Cornelis Technical Documentation

2.2.4. Fabric Manager 

The CN5000 Fabric Manager (FM) is a set of components that perform various functions for OPA fabric management, consisting of:

  • Subnet Manager (SM): Discovers, configures, and manages the fabric topology — including routing, LID assignment, switch programming, and high-availability failover

  • Subnet Administration (SA): Query interface to the SM that lets fabric nodes discover paths, services, topology, and events without direct SM interaction.

  • Performance Manager (PM): Actively collects performance and error statistics from every node's Performance Management Agent (PMA) across the fabric.

  • Performance Administration (PA): Query interface to the PM that stores and serves aggregated performance data to management tools without generating additional fabric traffic.

These components interact with the SuperNICs and Switches in the fabric using in-band communications to SM agents and PM agents in each Omni-Path device. Any host with OPX Software installed can start a Fabric Manager service. Refer to the Starting the Fabric Manager.

2.2.4.1. Terminology - Fabric Manager vs. Subnet Manager

The terms Fabric Manager and Subnet Manager can overlap in usage. The following guidelines clarify their meaning:

  • Fabric Manager refers to the full suite of fabric management software, which includes the SM/SA and PM/PA.

  • Subnet Manager refers specifically to the Subnet Manager component within the FM.

  • In practice, because all FM components are bundled and operated together, SM and FM are often used interchangeably when referring to general fabric management operations. For example, "Start the SM" typically means starting all FM processes.

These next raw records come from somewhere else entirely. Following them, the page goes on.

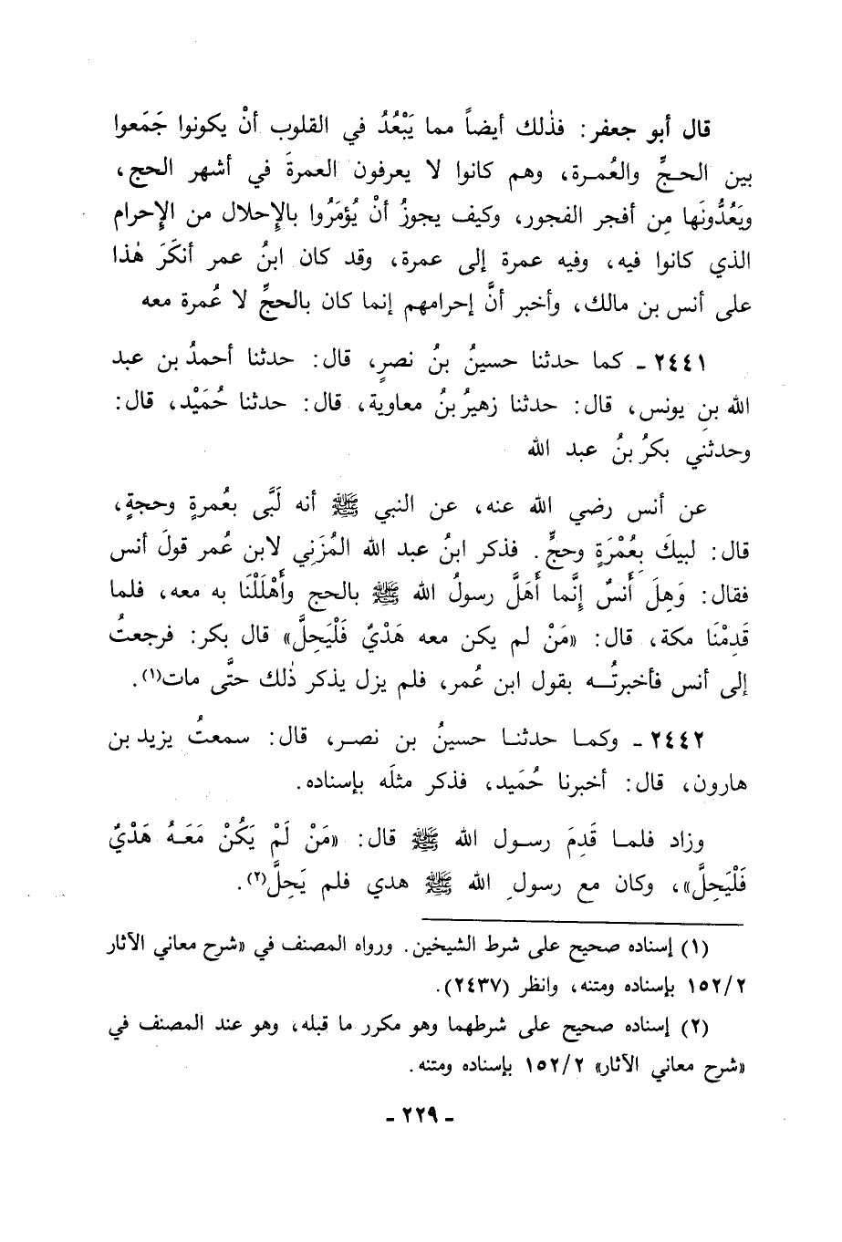 2441 - كَمَا حَدَّثَنَا حُسَيْنُ بْنُ نَصْرٍ، قَالَ: حَدَّثَنَا أَحْمَدُ بْنُ عَبْدِ اللهِ بْنِ يُونُسَ، قَالَ: حَدَّثَنَا زُهَيْرُ بْنُ مُعَاوِيَةَ، قَالَ: حَدَّثَنَا حُمَيْدٌ، قَالَ: وَحَدَّثَنِي بَكْرُ بْنُ عَبْدِ اللهِ، عَنْ أَنَسٍ رَضِيَ اللهُ عَنْهُ , عَنِ النَّبِيِّ صَلَّى اللَّهُ عَلَيْهِ وَسَلَّمَ أَنَّهُ لَبَّى بِعُمْرَةٍ وَحَجَّةٍ , قَالَ: " لَبَّيْكَ بِعُمْرَةٍ وَحَجٍّ. فَذَكَرَ ابْنُ عَبْدِ اللهِ الْمُزَنِيُّ لِابْنِ عُمَرَ قَوْلَ أَنَسٍ، فَقَالَ: وَهِلَ أَنَسٌ، إِنَّمَا أَهَلَّ رَسُولُ اللهِ صَلَّى اللَّهُ عَلَيْهِ وَسَلَّمَ بِالْحَجِّ وَأَهْلَلْنَا بِهِ مَعَهُ، فَلَمَّا قَدِمْنَا مَكَّةَ قَالَ: " مَنْ لَمْ يَكُنْ مَعَهُ هَدْيٌ فَلْيَحْلِلْ ". قَالَ بَكْرٌ فَرَجَعْتُ إِلَى أَنَسٍ فَأَخْبَرْتُهُ بِقَوْلِ ابْنِ عُمَرَ، فَلَمْ يَزَلْ يَذْكُرُ ذَلِكَ حَتَّى مَاتَ
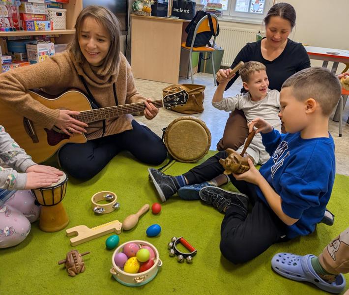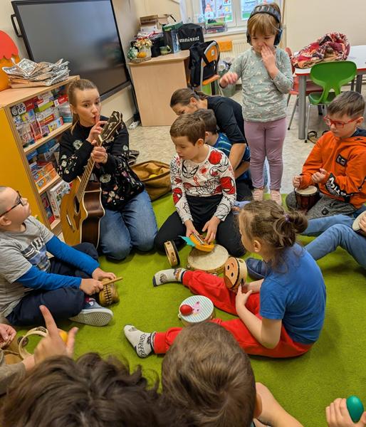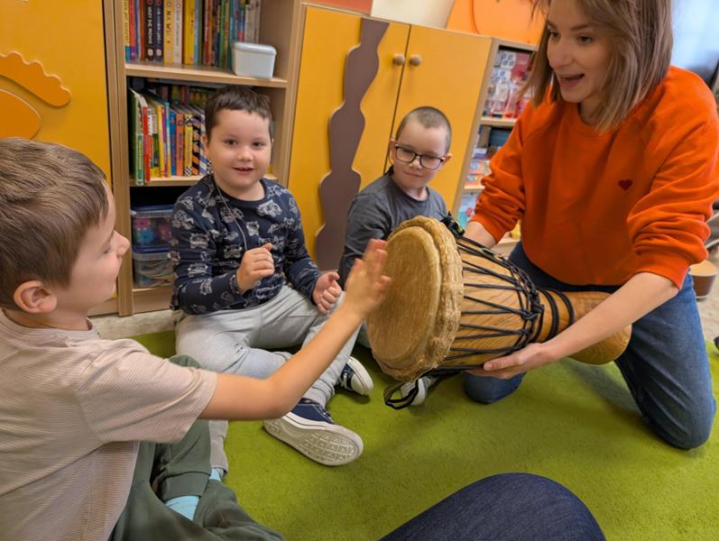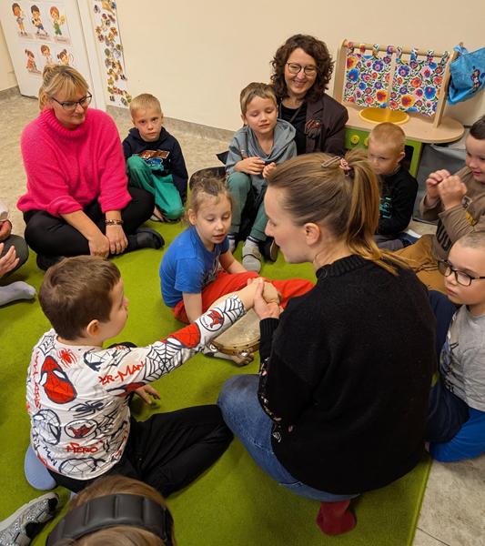 Dzięki współpracy z Stowarzyszeniem "Z Muzyką Do Ludzi" nasze przedszkolaki przez kilka czwartków w październiku i listopadzie rozpoczynają dzień muzycznie. Razem z panią Natalia Łucja Wawrzyniak doświadczamy łagodzącego wpływu dźwięków, za co z całego serducha dziękujemy.
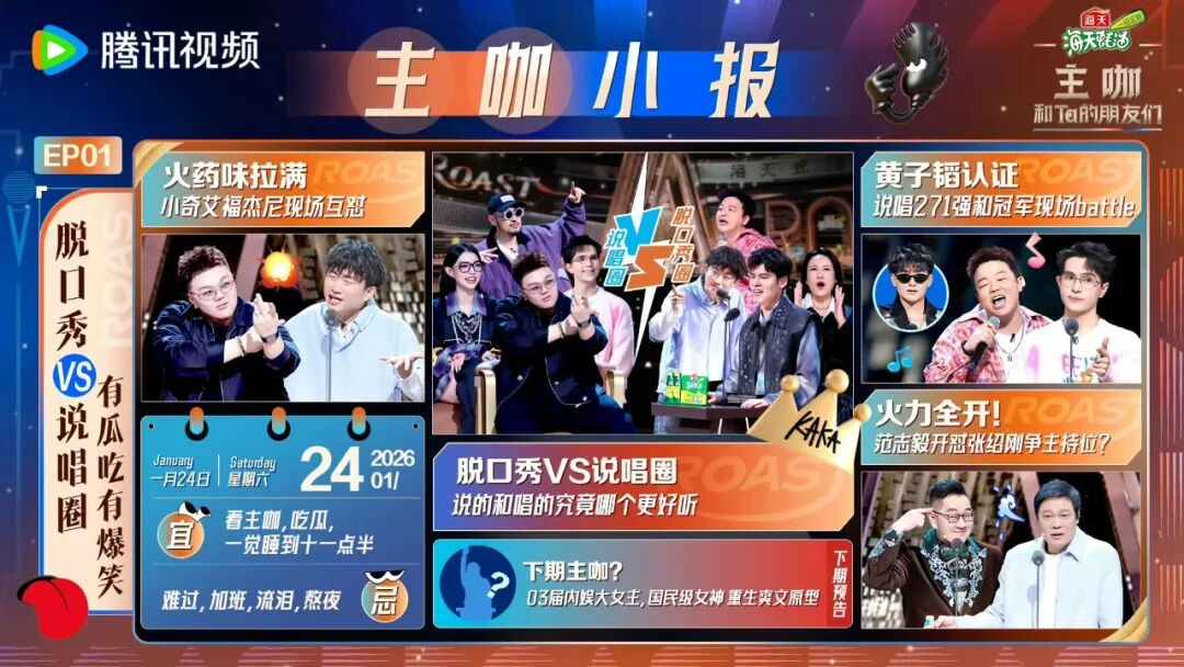 孙佳璐:腾讯视频从2025年初开始筹备《主咖》,七盎司工作室做脱口秀赛道很多年,从《脱口秀大会》到《脱口秀和Ta的朋友们》一直和笑果合作。《主咖》和《脱友》是两个制作类别,《脱友》是为专业脱口秀演员提供职业竞演舞台,核心是演员的自我表达;而《主咖》更偏向名人脱口秀这种表演形式,主角是各界公众人物。
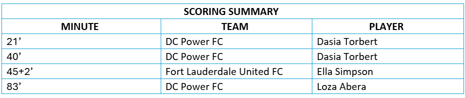 DC Power FC Lineup: Morgan Aquino, Susanna Fitch, Sydney Cummings, Ellie Gilbert, Paige Almendariz (Madison Murnin 76’), Alexis Theoret, Emily Colton (Katrina Guillou 76’), Anna Bagley, Jaydah Bedoya, Dasia Torbert (Loza Abera 80’) and Gianna Gourley.
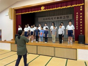 6時間目に、「特攻平和祈念祭」の式典の明日のリハーサルを行いました。
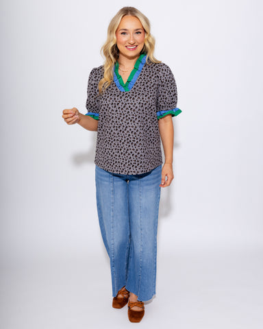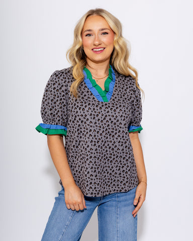View full detailsElevate your style with the Double Contrast Ruffle Detailed Animal Printed Top. Featuring a subtle grey background with eye-catching blue and green...
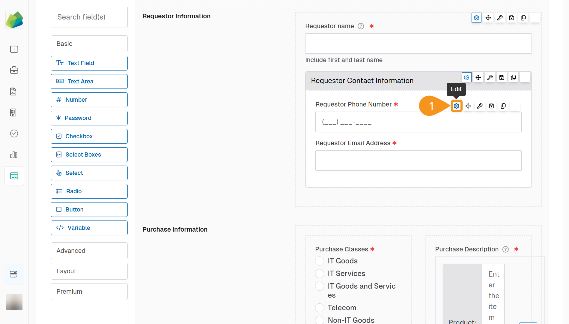 This guide explains how to edit existing basic components in a form template. You can update their display settings, data configuration, validations, and conditionals.
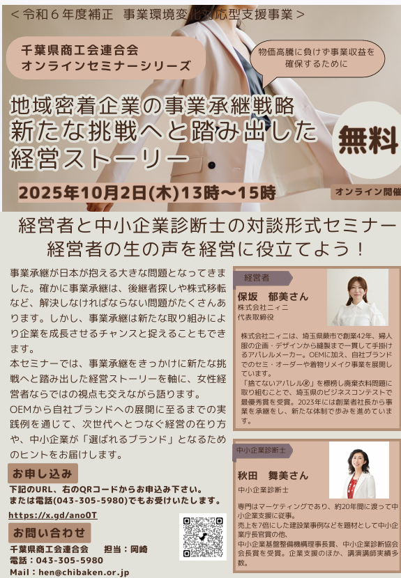 千葉県商工会連合会では標記オンラインセミナーを10月2日に実施します。
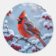 Sticker Rond Un joli cardinal sur une branche enneigée Noël

As a rule of thumb: use FM when referring to the complete software suite or its specific components, and SM when referring to the Subnet Manager specifically — though in general discussion, SM is commonly understood to encompass all FM processes.

2.2.4.1. Subnet Manager

The Fabric Manager implements a complete Omni-Path Architecture-compliant Subnet Manager. The SM is responsible for monitoring, initializing, and configuring the fabric.

The SM component performs all of the necessary subnet management functions. Primarily, the SM is responsible for initializing the fabric and managing its topology. Some of its tasks include:

  • Link and port initialization

  • Link width downgrade policies

  • Route and path assignments

  • Local Identifier (LID) address assignments

  • Switch forwarding table programming

  • Programming Virtual Fabrics (vFabrics)

    • QoS

    • Security

  • Sweeping the fabric to discover topology changes, then managing those changes when nodes are added and/or deleted

  • Enforcing topology and security

  • Configuring congestion handling

  • Negotiating and synchronizing redundant SMs

  • Arbitration for primary and secondary roles between multiple SMs in the fabric

The SM performs all its subnet management and monitoring functions via in-band packets sent over the fabric being managed.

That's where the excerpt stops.